◆ **PROVIDED INFORMATION**
——————

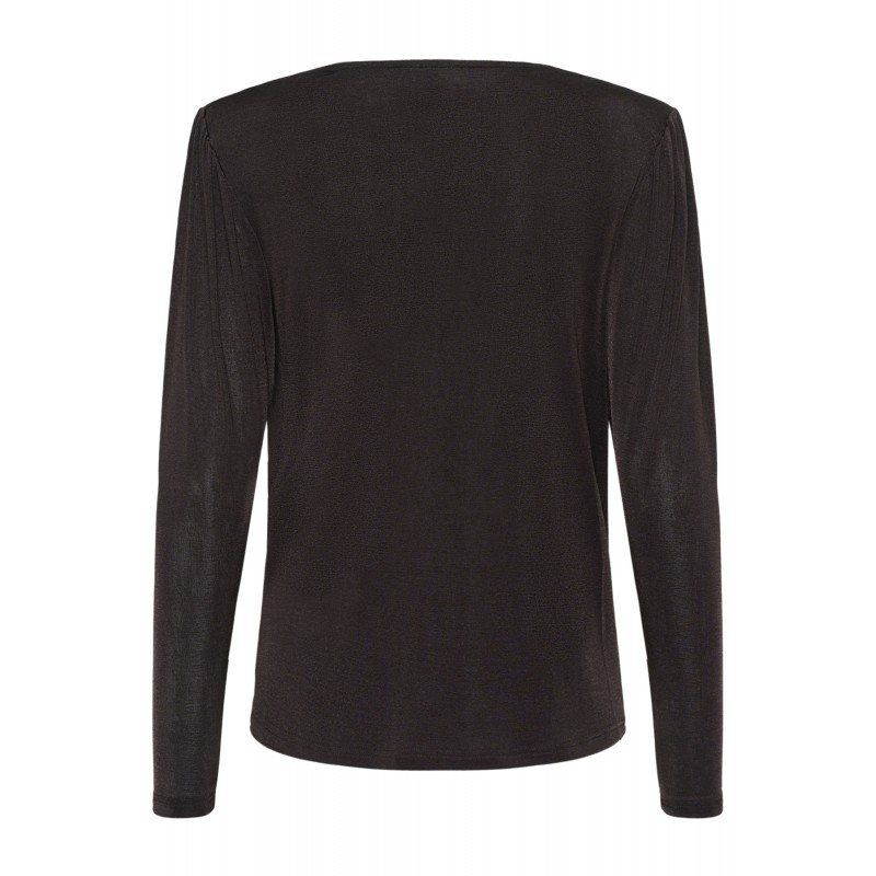 Kagina er en langærmet bluse med skulderpuder (udtagelige sidder fast med velcro) og vandfaldshals. Blusen har en let skinnende overflade og er en flot bluse til en festlig anledning.
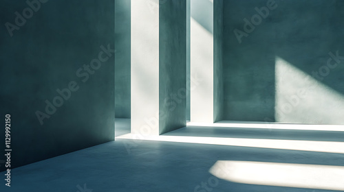 © Roy, Fototapeta premium A serene modern interior showcasing tall, minimalist columns bathed in soft sunlight, creating striking contrasts of light and shadow.
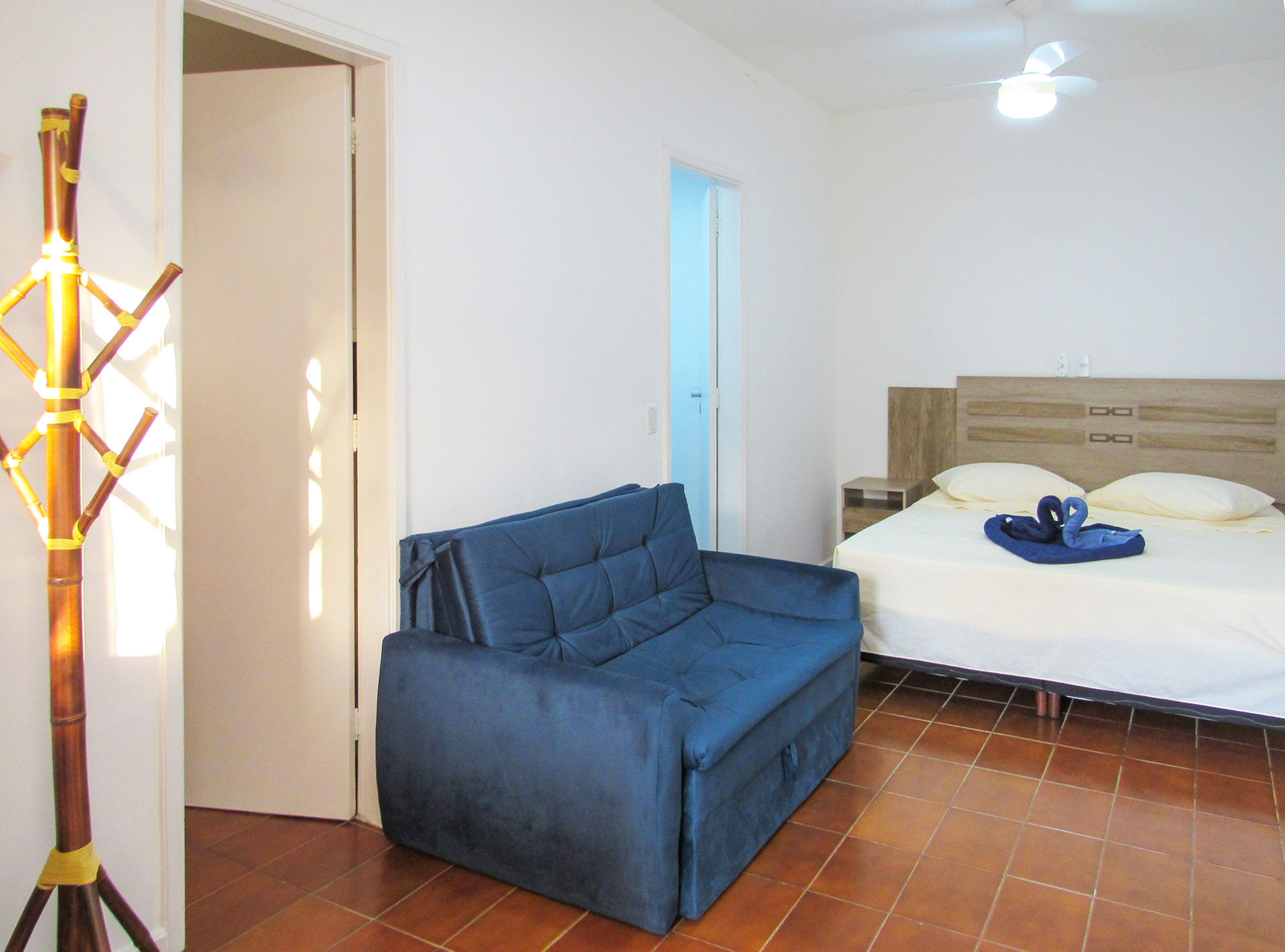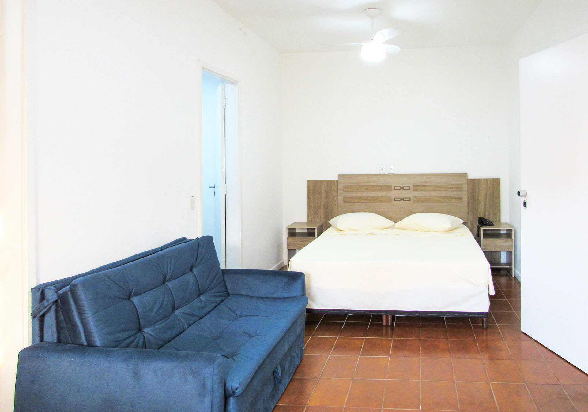 - Na suíte há 1 cama de solteiro, 1 sofá-cama de casal, 1 cama queen size, chuveiro a gás e box de vidro/acrílico
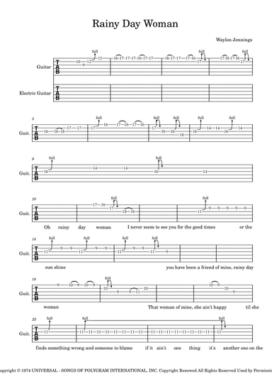 Guitar - Level 3 - Digital Download SKU: A0.951988 By Waylon Jennings. By Waylon Jennings. Arranged by The Smelly Tele. Contemporary. Guitar Tab. 4 pages. The Smelly Tele #6864891. Published by The Smelly Tele (A0.951988). This tablature was written with a b-bender guitar in mind to imitate all the pedal steel licks! If you don't have a b-bender, that's OK! You can still learn Waylon Jenning's Rainy Day Woman, and just bend your b string like you would normally! Plus, this tab includes the pedal steel guitar solo (tabbed out for guitar) and Waylon Jenning's guitar solo! This product was created by a member of ArrangeMe, Hal Leonard’s global self-publishing community of independent composers, arrangers, and songwriters. ArrangeMe allows for the publication of unique arrangements of both popular titles and original compositions from a wide variety of voices and backgrounds. About Digital Downloads Digital Downloads are downloadable sheet music files that can be viewed directly on your computer, tablet or mobile device. Once you download your digital sheet music, you can view and print it at home, school, or anywhere you want to make music, and you don’t have to be connected to the internet. Just purchase, download and play! PLEASE NOTE: Your Digital Download will have a watermark at the bottom of each page that will include your name, purchase date and number of copies purchased. You are only authorized to print the number of copies that you have purchased. You may not digitally distribute or print more copies than purchased for use (i.e., you may not print or digitally distribute individual copies to friends or students).
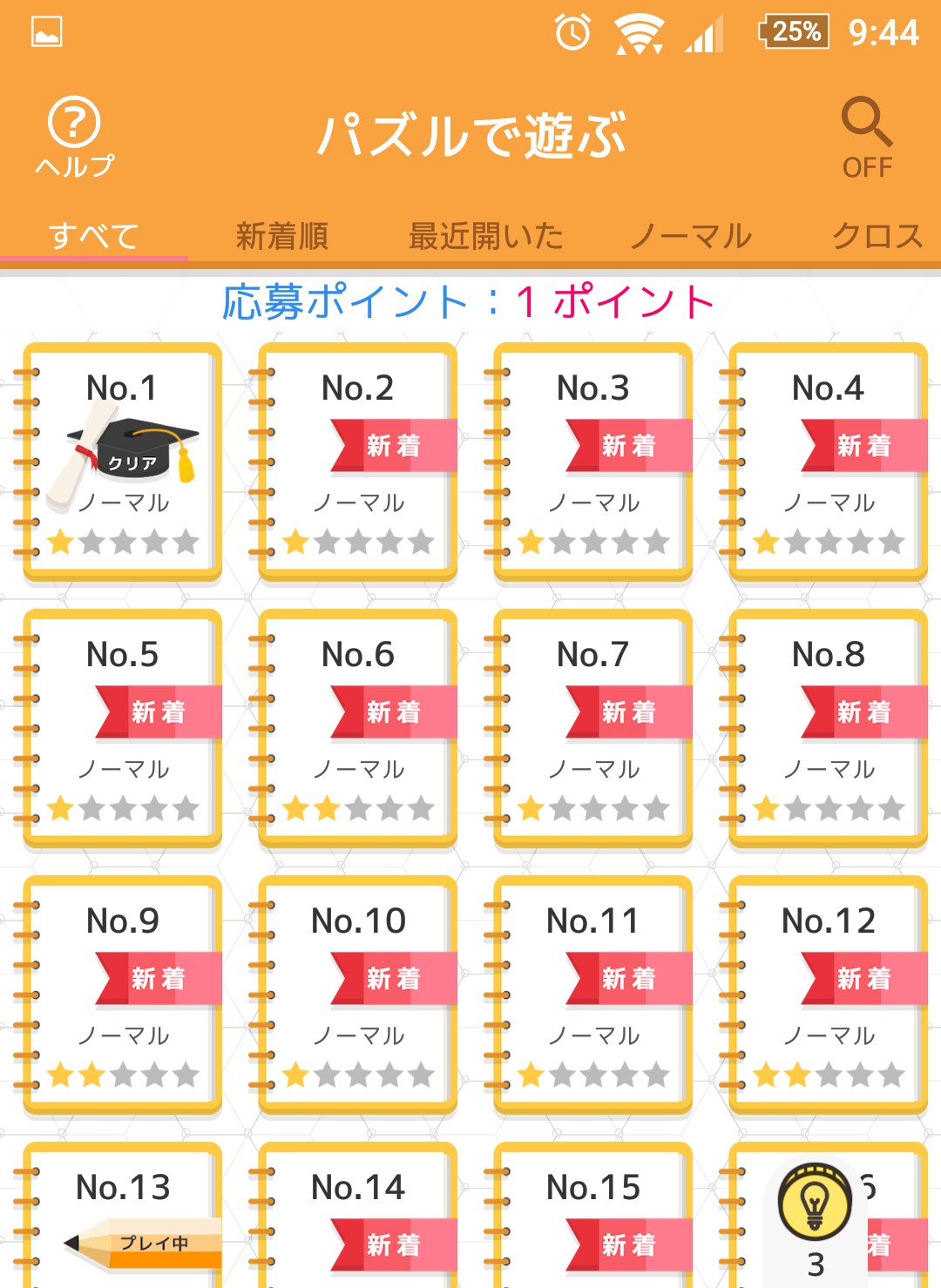 難易度の高いナンプレをクリアするほど手に入る応募ポイントが増えるので、パズルに慣れてきたら難易度を上げてナンプレを楽しんでいきましょう。
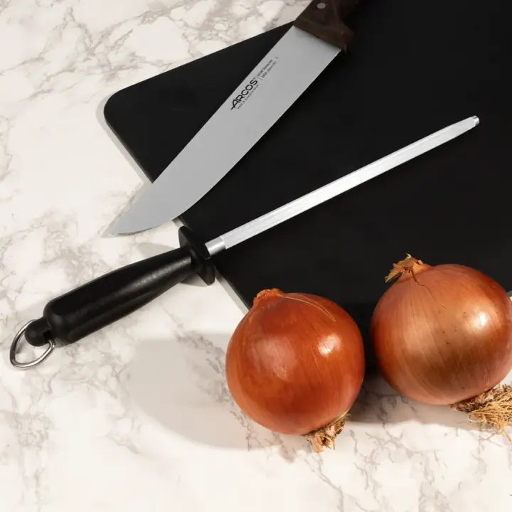 La chaira Arcos de 230 mm es una herramienta indispensable para mantener el filo de tus cuchillos en perfectas condiciones. Fabricada con acero al carbón y una vestimenta de cromo, asegura un afilado impecable y duradero sin desgastar el acero.
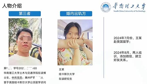 2024年8月,王某在英国纽卡斯尔大学大学认识了29岁的黄某某,黄某某是华南理工大学在读博士生,中共党员,在国家留学基金管理委员会和华南理工大学的支持下到纽卡斯尔大学做访问学者。黄某某在明知道王某已婚且生育过一孩的情况下,执意追求王某。
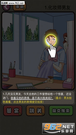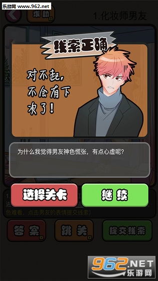 玩家通过阅读剧情文字,找到渣男渣女出轨的线索,提交正确线索,推动剧情发展,顺利通关!
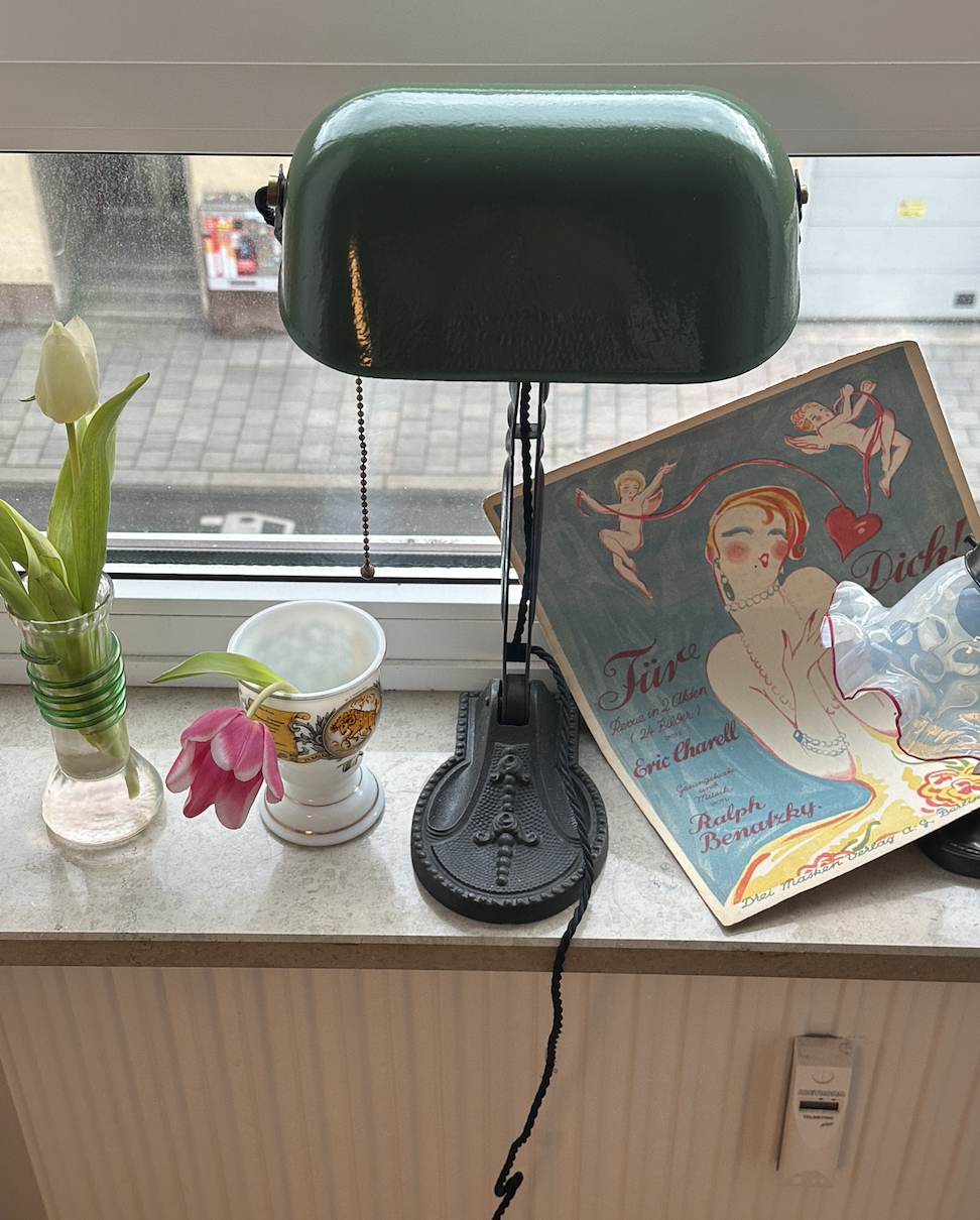 1920년도 독일에서 만들어진, 너무나도 클래식한 빈티지 감성이 돋보이는 그린 에나멜 인더스트리얼 뱅커 램프입니다. 불을 크거나 끄는 방식부터 로맨틱한데, 내려오는 줄을 당기면 불이 켜집니다. 튼튼한 금속 소재에 깊이 있는 녹색 에나멜 코팅이 더해져 세련되면서도 고풍스러운 분위기를 연출합니다. 오리지널 인더스트리얼 디자인이 적용된 이 조명은 책상, 작업 공간, 서재, 카페 등 다양한 공간에서 멋스럽게 활용 가능하며, 따뜻하고 부드러운 조명으로 실용성과 인테리어 효과를 동시에 제공합니다. 고전적인 뱅커 램프 스타일을 유지하면서도 산업적인 매력이 가미된 디자인으로, 빈티지 아이템을 사랑하는 분들에게 소장 가치가 높은 특별한 조명입니다.
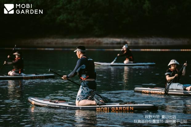牧高笛超轻桨板的板身流线型设计搭配缓冲头细节,让湖面划行更加平稳。逐浪人们在教练的指导下,经过一次次的尝试,从“我不敢”到“我可以”,最终掌握平衡,完成挑战,尽情体验“划水”的快乐。
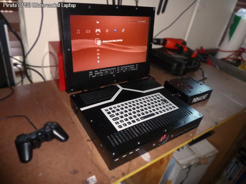 The PS3 is a water-cooled PS3 in a portable form, fully equipped with its own reservoir, pump and radiator. That’s quite a feat. It’s a little to bulky for my tastes to really funtion as a portable, but the damn thing is water cooled. More of a “look how epic this is” mod in my mind as opposed to being functional.
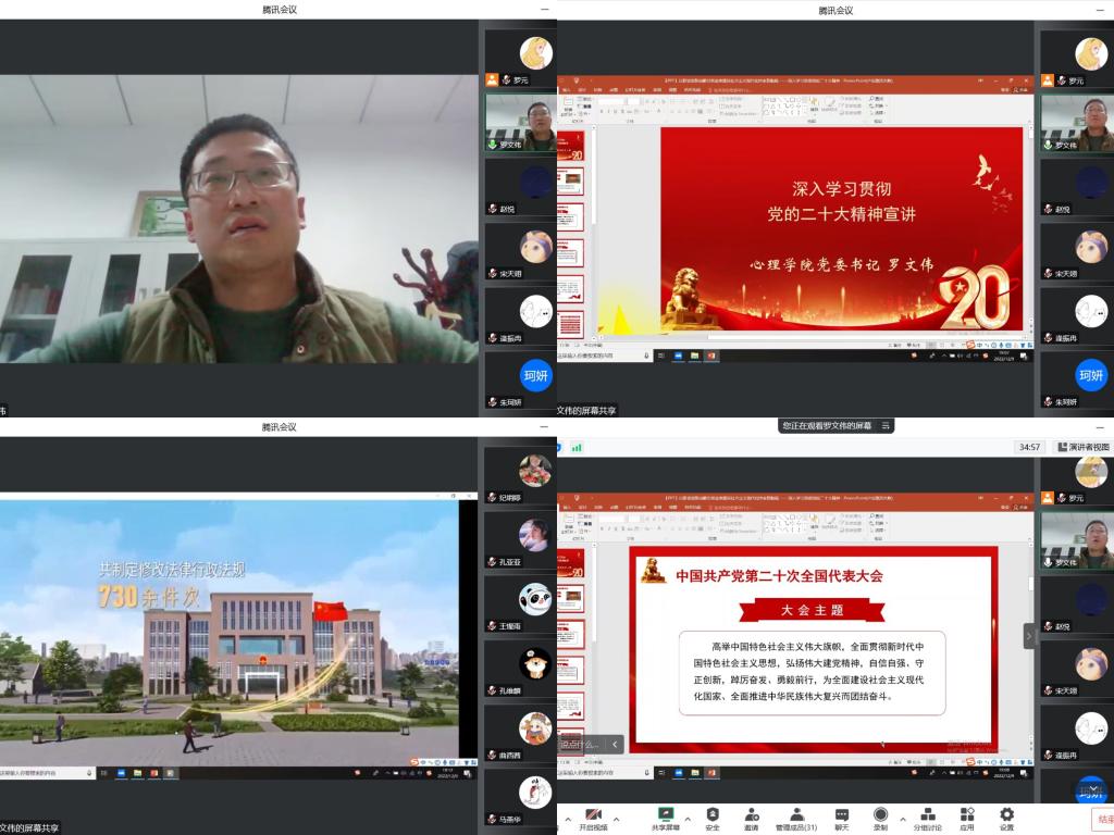 研究生党支部组织开展线上主题党日活动。本次活动主题为“ ‘心’青年 奋斗正当时;心向党 献礼二十大”,学院党委书记罗文伟通过党的二十大精神专题宣讲,为全院研究生党员带来了一场生动的党课。

——————

◆ **TASK REQUIREMENTS**
Please reproduce every record exactly as written, excluding the pictures.

◆ **WRITTEN REPLY**
 Kagina er en langærmet bluse med skulderpuder (udtagelige sidder fast med velcro) og vandfaldshals. Blusen har en let skinnende overflade og er en flot bluse til en festlig anledning.
 © Roy, Fototapeta premium A serene modern interior showcasing tall, minimalist columns bathed in soft sunlight, creating striking contrasts of light and shadow.
 - Na suíte há 1 cama de solteiro, 1 sofá-cama de casal, 1 cama queen size, chuveiro a gás e box de vidro/acrílico
 Guitar - Level 3 - Digital Download SKU: A0.951988 By Waylon Jennings. By Waylon Jennings. Arranged by The Smelly Tele. Contemporary. Guitar Tab. 4 pages. The Smelly Tele #6864891. Published by The Smelly Tele (A0.951988). This tablature was written with a b-bender guitar in mind to imitate all the pedal steel licks! If you don't have a b-bender, that's OK! You can still learn Waylon Jenning's Rainy Day Woman, and just bend your b string like you would normally! Plus, this tab includes the pedal steel guitar solo (tabbed out for guitar) and Waylon Jenning's guitar solo! This product was created by a member of ArrangeMe, Hal Leonard’s global self-publishing community of independent composers, arrangers, and songwriters. ArrangeMe allows for the publication of unique arrangements of both popular titles and original compositions from a wide variety of voices and backgrounds. About Digital Downloads Digital Downloads are downloadable sheet music files that can be viewed directly on your computer, tablet or mobile device. Once you download your digital sheet music, you can view and print it at home, school, or anywhere you want to make music, and you don’t have to be connected to the internet. Just purchase, download and play! PLEASE NOTE: Your Digital Download will have a watermark at the bottom of each page that will include your name, purchase date and number of copies purchased. You are only authorized to print the number of copies that you have purchased. You may not digitally distribute or print more copies than purchased for use (i.e., you may not print or digitally distribute individual copies to friends or students).
 難易度の高いナンプレをクリアするほど手に入る応募ポイントが増えるので、パズルに慣れてきたら難易度を上げてナンプレを楽しんでいきましょう。
 La chaira Arcos de 230 mm es una herramienta indispensable para mantener el filo de tus cuchillos en perfectas condiciones. Fabricada con acero al carbón y una vestimenta de cromo, asegura un afilado impecable y duradero sin desgastar el acero.
 2024年8月,王某在英国纽卡斯尔大学大学认识了29岁的黄某某,黄某某是华南理工大学在读博士生,中共党员,在国家留学基金管理委员会和华南理工大学的支持下到纽卡斯尔大学做访问学者。黄某某在明知道王某已婚且生育过一孩的情况下,执意追求王某。
 玩家通过阅读剧情文字,找到渣男渣女出轨的线索,提交正确线索,推动剧情发展,顺利通关!
 1920년도 독일에서 만들어진, 너무나도 클래식한 빈티지 감성이 돋보이는 그린 에나멜 인더스트리얼 뱅커 램프입니다. 불을 크거나 끄는 방식부터 로맨틱한데, 내려오는 줄을 당기면 불이 켜집니다. 튼튼한 금속 소재에 깊이 있는 녹색 에나멜 코팅이 더해져 세련되면서도 고풍스러운 분위기를 연출합니다. 오리지널 인더스트리얼 디자인이 적용된 이 조명은 책상, 작업 공간, 서재, 카페 등 다양한 공간에서 멋스럽게 활용 가능하며, 따뜻하고 부드러운 조명으로 실용성과 인테리어 효과를 동시에 제공합니다. 고전적인 뱅커 램프 스타일을 유지하면서도 산업적인 매력이 가미된 디자인으로, 빈티지 아이템을 사랑하는 분들에게 소장 가치가 높은 특별한 조명입니다.
牧高笛超轻桨板的板身流线型设计搭配缓冲头细节,让湖面划行更加平稳。逐浪人们在教练的指导下,经过一次次的尝试,从“我不敢”到“我可以”,最终掌握平衡,完成挑战,尽情体验“划水”的快乐。
 The PS3 is a water-cooled PS3 in a portable form, fully equipped with its own reservoir, pump and radiator. That’s quite a feat. It’s a little to bulky for my tastes to really funtion as a portable, but the damn thing is water cooled. More of a “look how epic this is” mod in my mind as opposed to being functional.
 研究生党支部组织开展线上主题党日活动。本次活动主题为“ ‘心’青年 奋斗正当时;心向党 献礼二十大”,学院党委书记罗文伟通过党的二十大精神专题宣讲,为全院研究生党员带来了一场生动的党课。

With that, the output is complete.